EXERCISE GOAL —
Beginning with the line that holds "引磁環(材質:鐵片),非 MagSafe™ 手機可將引磁環貼在手機上確保瞬變三角支架磁吸穩固。" and ending with the last line, please repeat the entries exactly and omit the pictures.

(Records drawn from a dataset)
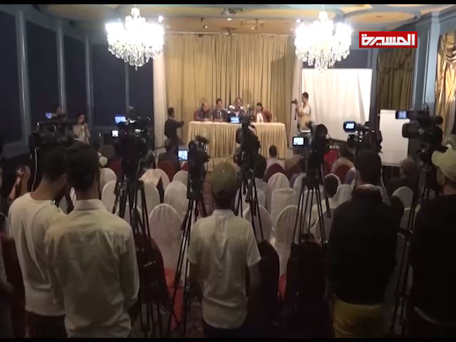 عبده الجندي في مؤتمر صحفي يتحدث عن حقيقة سيطرة ” المقاومة ” بتعز على القصر الجمهوري
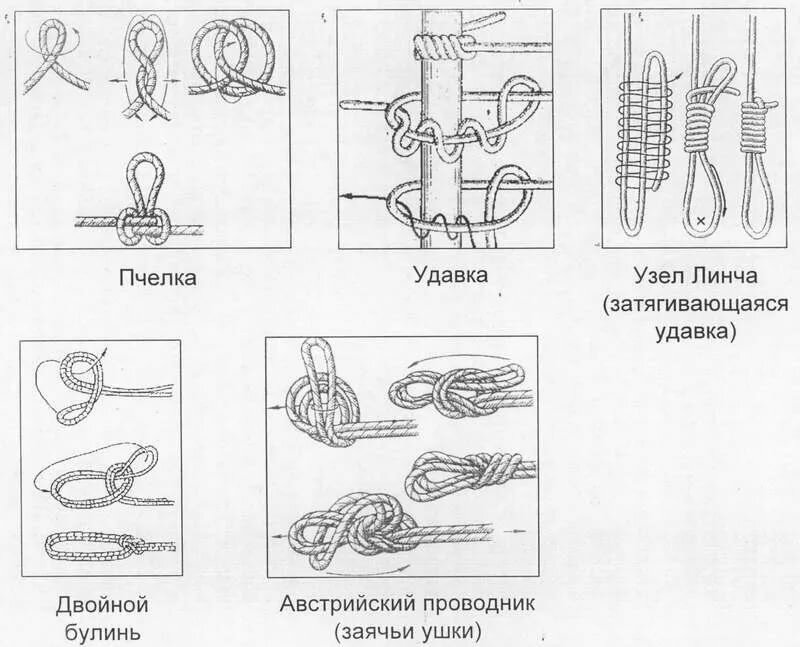- для привязывания веревок к чему-либо воспользуйтесь возможностью «удавкой, стременем» или «булинь»;
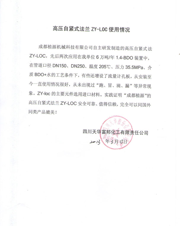 華強化工集團股份有限公司使用證明
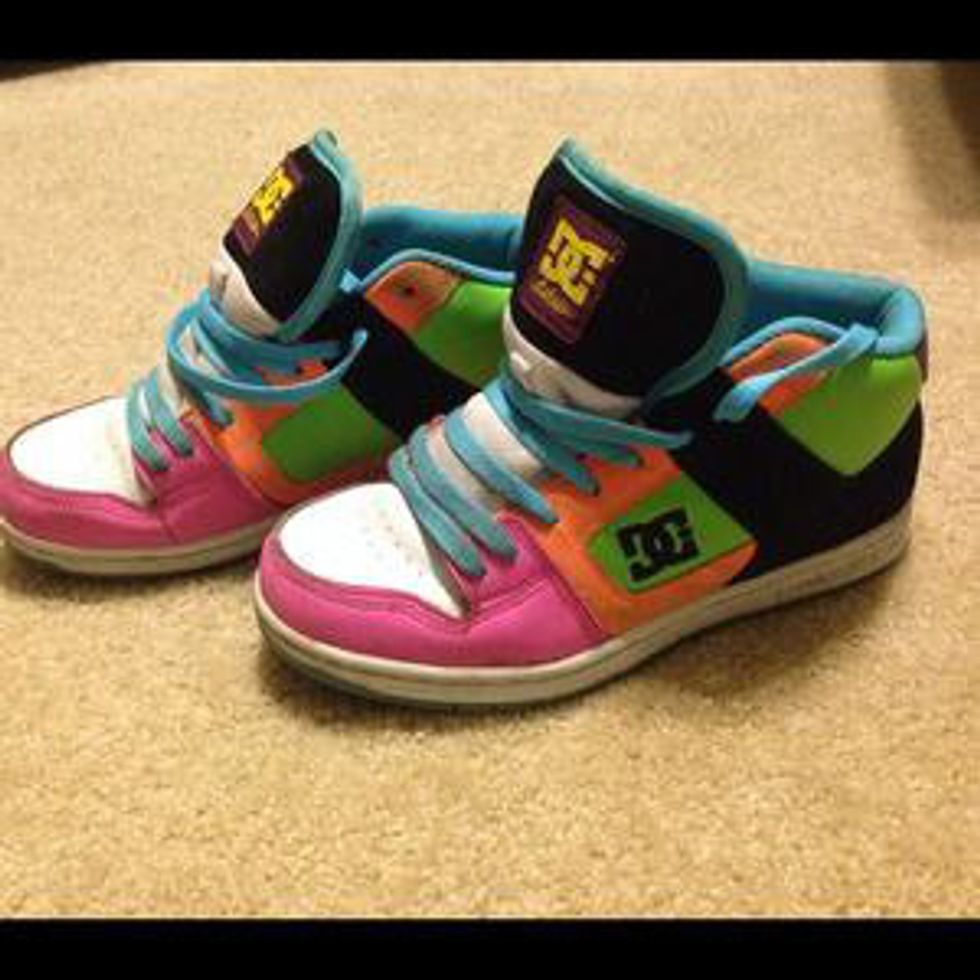 Neon skate shoes were popular for both guys and girls. And, of course, with the bar laces.
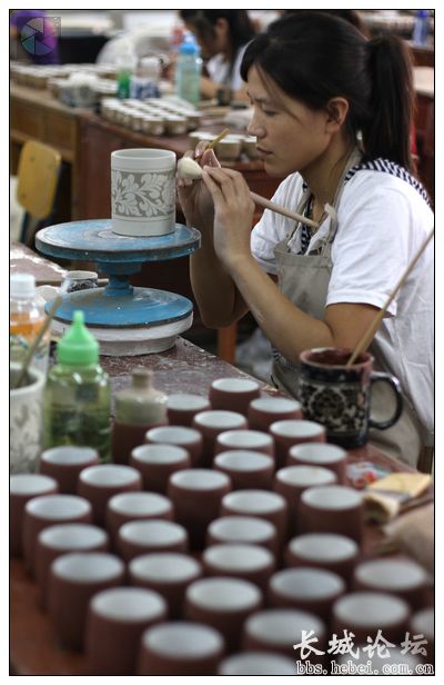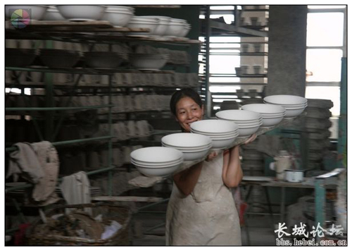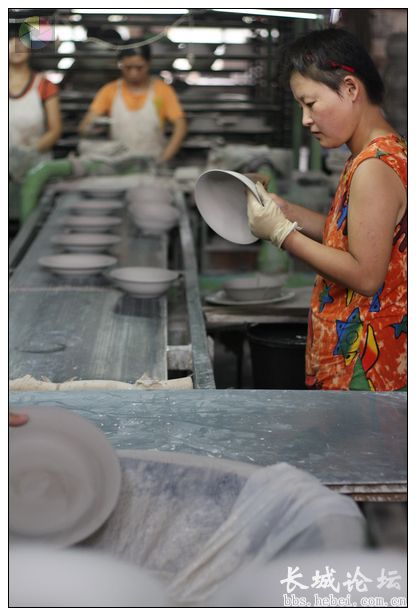 認(rèn)真檢查坯子的女工?琢畋 攝
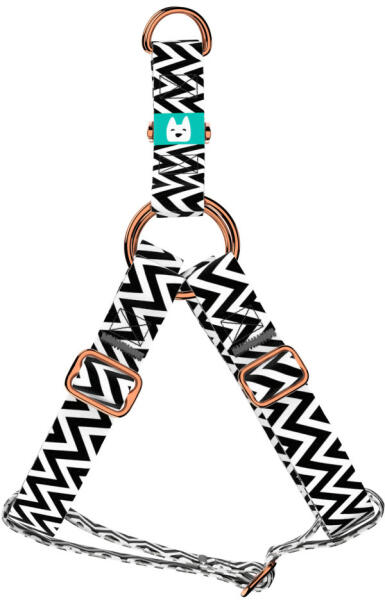 Absztrakt, geometrikus mintás belépős hám kutyádnak különböző méretekben. Öltöztesd kedvenced hazai gyártású egyedi belépős hámunkba, amit kérhettek trendi rose gold, mindig elegáns ezüst fém alkatrészekkel vagy könnyű műanyag csattal. Ahhoz, hogy ezeket a különleges mintákat meg tudjuk alkotni, műhelyünkben nyomtatjuk a hevedert. Minden terméket csak igény esetén
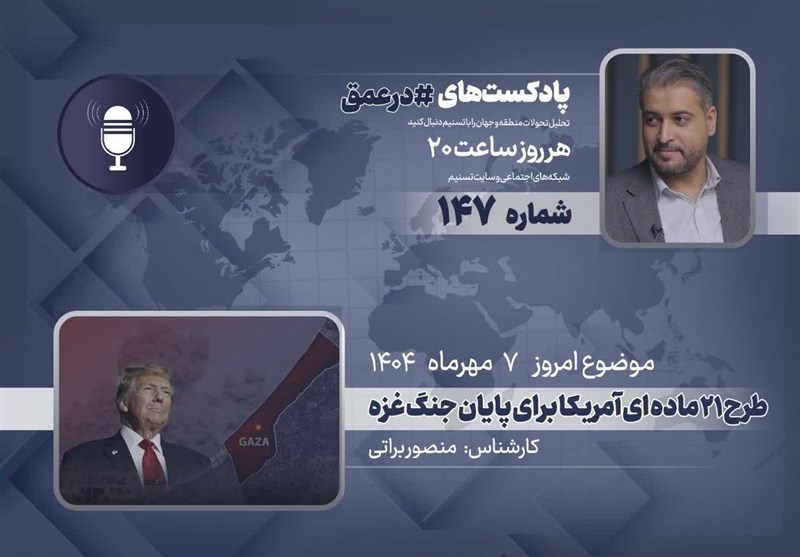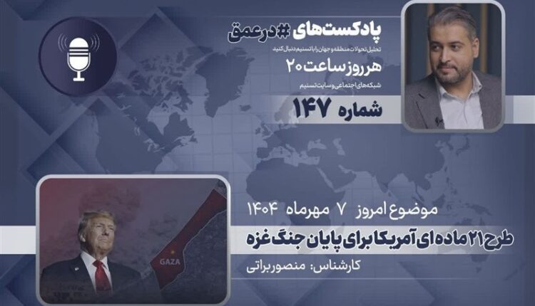 گروه بین‌الملل خبرگزاری صابرین نیوز ـ یکصدوچهل‌وهفتمین شماره از پادکست «در عمق» که به بررسی مهم‌ترین روندها، تحولات و همچنین شخصیت‌ها در غرب آسیا می‌پردازد، روز دوشنبه 7 مهر 1404 ضبط و منتشر شد. در این شماره «منصور براتی»، به جزئیات طرح جدید 21 ماده‌ای پیشنهادی آمریکا برای اتمام جنگ میان اسرائیل و حماس می‌پردازد.
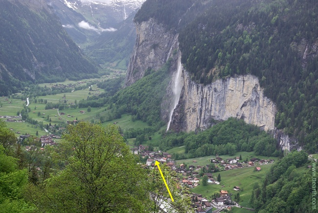 마을 남쪽에 위치한 교회와 슈타우프바흐 폭포. 슈타우프바흐 폭포의 촬영 포인트 지점은 사진에 보이는 교회 부근이다. 305m나 되는 낙차 때문에 물줄기가 내려 오면서 사라지는 듯한 느낌을 준다.
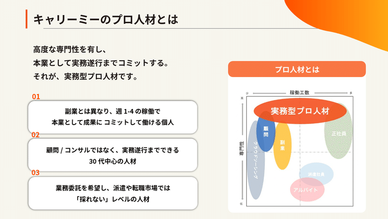 プロ人材の方々にも伝えたいのは、キャリーミーがあえて「フリーランス」ではなく「プロ人材」という言い方にこだわっていることの意図についてです。
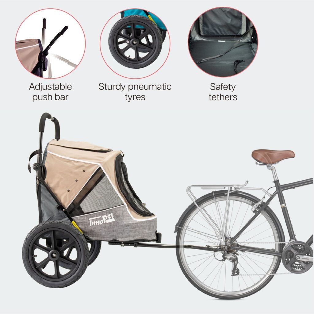 The Sporty Evolution dog pram & bike trailer hybrid from InnoPet ensures that your dog can enjoy a gentle stroll or an exciting ride.
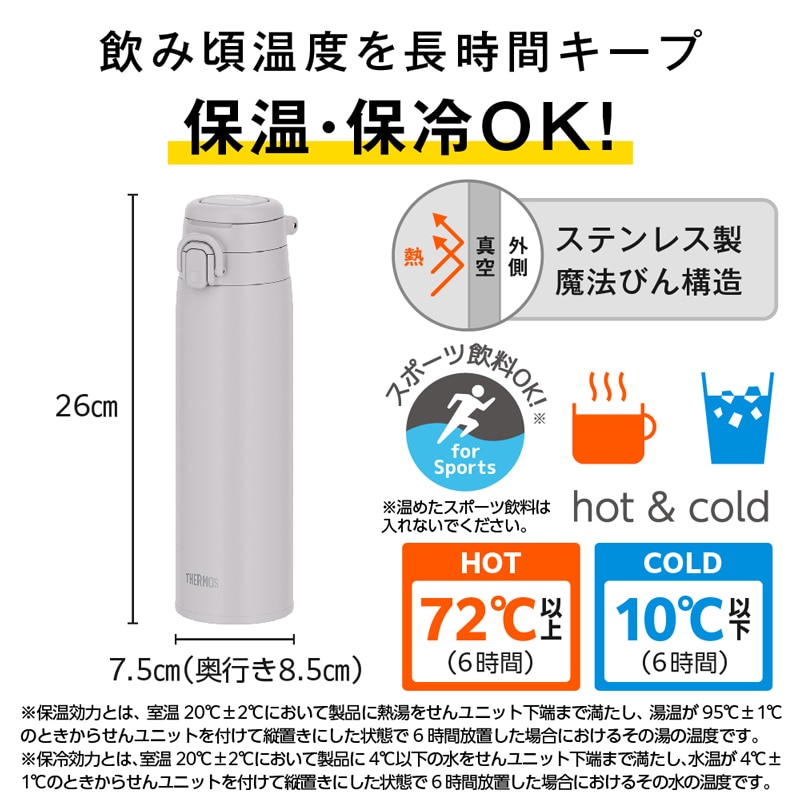 ●保温効力とは、室温20℃±2℃において製品に熱湯をせんユニット下端まで満たし、湯温が95℃±1℃のときからせんユニットを付けて縦置きにした状態で6時間放置した場合におけるその湯の温度です。
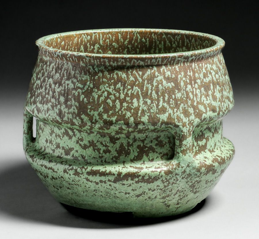 Roseville Chloron Matte Green Jardiniere c1910s. Unsigned. Some roughness to underside glaze drips, otherwise perfect condition. 10.25″d x 8.75″h SOLD
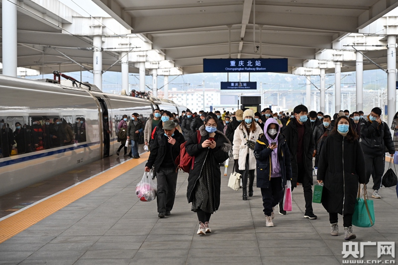 1月28日,由萬州北開往重慶北的C6403次旅客列車到達重慶北站(央廣網(wǎng)發(fā) 通訊員包亮 攝)
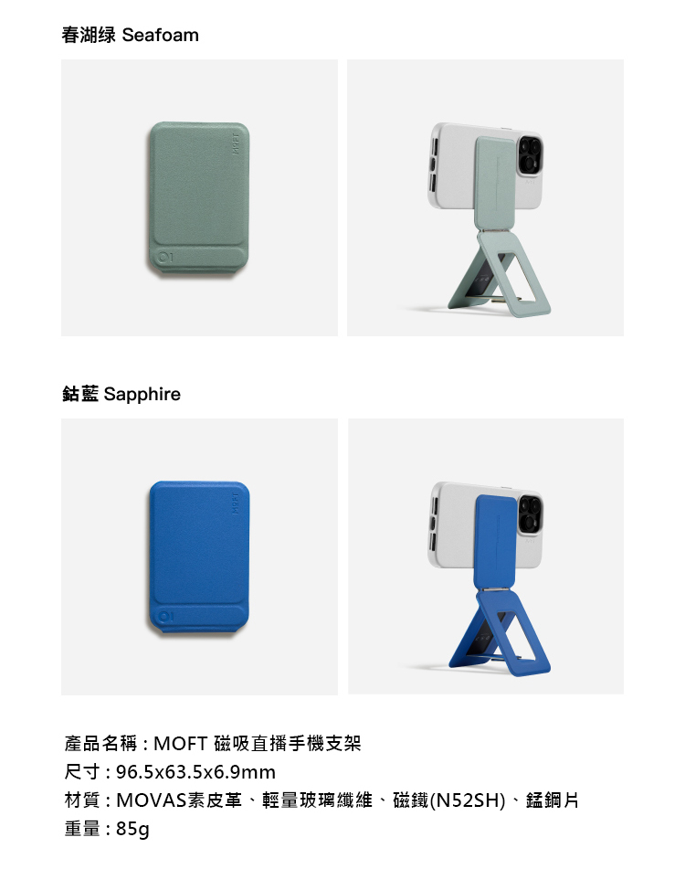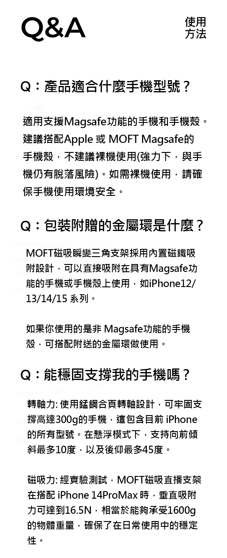 *支架內附贈 MOFT 引磁環(材質:鐵片),非 MagSafe™ 手機可將引磁環貼在手機上確保瞬變三角支架磁吸穩固。
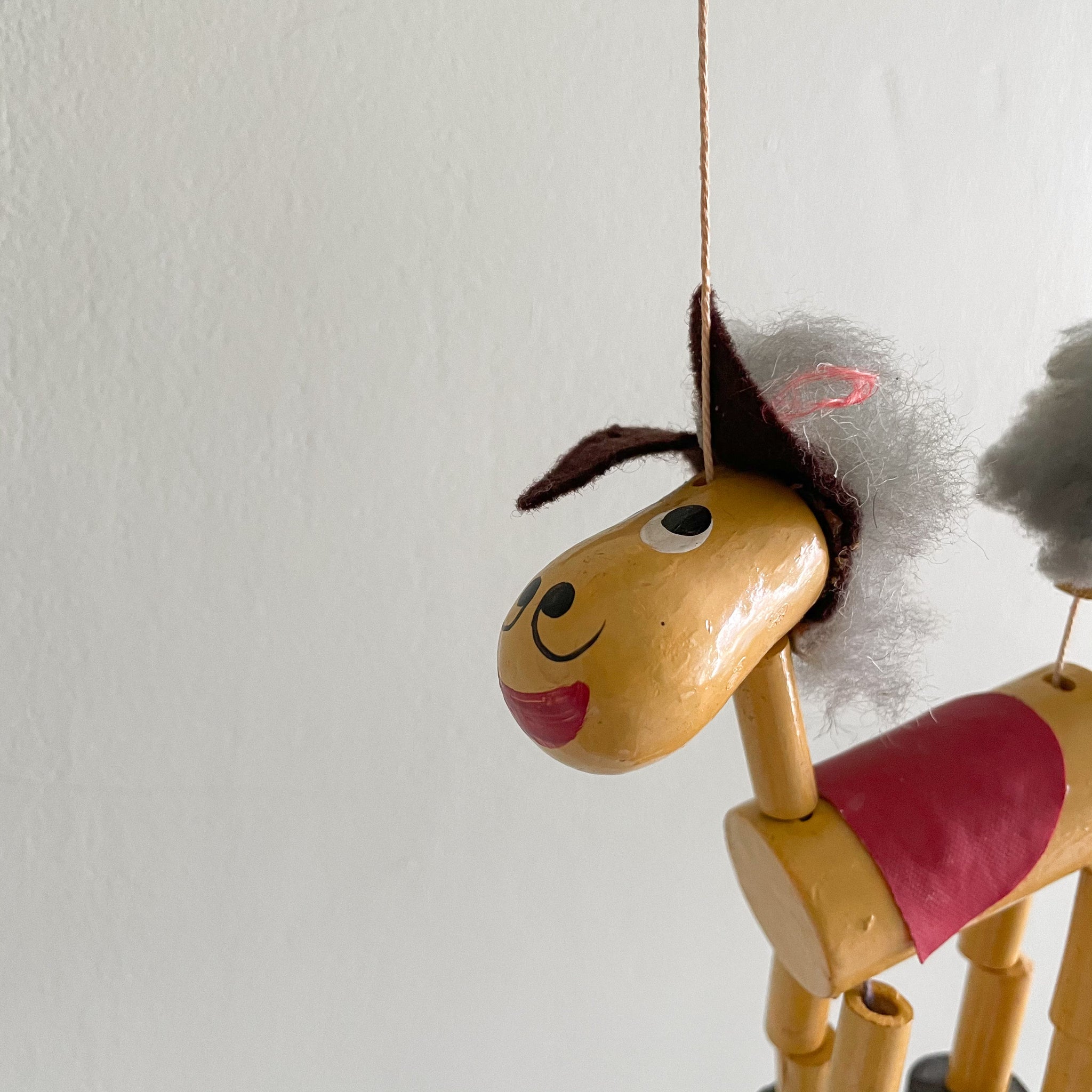 Very charming vintage wooden horse string puppet. Swipe to see a video of him in action. Would happily adorn a peg rail.

RESPONSE —
 *支架內附贈 MOFT 引磁環(材質:鐵片),非 MagSafe™ 手機可將引磁環貼在手機上確保瞬變三角支架磁吸穩固。
 Very charming vintage wooden horse string puppet. Swipe to see a video of him in action. Would happily adorn a peg rail.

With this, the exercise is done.